Soc. 1er juill. 2020, n° 18-24.180

Selon la chambre sociale de la Cour de cassation, « il résulte des articles 8 et 45 du décret n° 2016-660 du 20 mai 2016 que les dispositions de l’article R.1452-7 du Code du travail, aux termes desquelles les demandes nouvelles dérivant du même contrat de travail sont recevables même en appel, demeurent applicables aux instances introduites devant les conseils de prud’hommes antérieurement au 1er août 2016 ».

Cette date marque l’abrogation des articles R. 1452-6 et R. 1452-7 du code du travail qui énonçaient la règle de l’unicité de l’instance en matière prud’homale. Cette règle imposait aux parties au contrat de travail de formuler toutes les demandes liées à ce contrat dans le cadre d’une seule instance. Il en résultait une irrecevabilité de toute demande nouvelle se rattachant au même contrat de travail que la demande déjà jugée, peu important qu’elle n’eût pas le même objet que celles formulées lors de l’instance initiale. Les parties pouvaient cependant formuler de nouvelles demandes dérivant du contrat en cours d’instance, y compris devant le juge d’appel.

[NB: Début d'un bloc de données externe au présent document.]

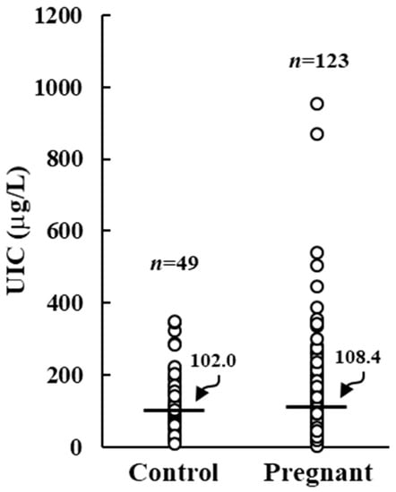 Urinary iodine concentration (UIC) in control and pregnant women. Horizontal bars indicate the median values.

Or en l’espèce, une salariée, engagée en 2009 par une compagnie aérienne, avait saisi le conseil de prud’hommes le 25 septembre 2015. Elle s’estimait victime de faits de discrimination et de harcèlement moral et demandait, à ce titre, le paiement de dommages-intérêts pour préjudice moral. Alors qu’elle avait été licenciée le 10 octobre 2016, elle a interjeté appel le 11 mai 2017 du jugement l’ayant déboutée de toutes ses demandes et a présenté, en appel, des demandes nouvelles au titre de la rupture de son contrat de travail. Le 16 octobre 2018, la cour d’appel de Saint-Denis de la Réunion a déclaré irrecevables ces demandes, au motif, d’une part, qu’elles étaient nouvelles car elles n’avaient pas été présentées devant le premier juge ; d’autre part, que l’article R. 1452-7 avait été abrogé au 1er août 2016. Selon les juges du fond, les dispositions du décret du 20 mai 2016, instaurant des règles de procédure, étaient d’application immédiates pour les instances postérieures à son entrée en vigueur. La salariée ayant interjeté appel le 11 mai 2017, le principe d’unicité de l’instance, applicable devant le premier juge, ne l’était plus devant le second.

Devant la Cour de cassation, la salariée affirmait que l’instance ayant été introduite en 2015, avant l’entrée en vigueur du décret de 2016, la règle de l’unicité de l’instance devait s’appliquer jusqu’à ce qu’une décision irrévocable soit rendue sur le fond, y compris devant la cour d’appel saisie après le 1er août 2016. Sensible à cette argumentation, la haute juridiction casse l’arrêt d’appel.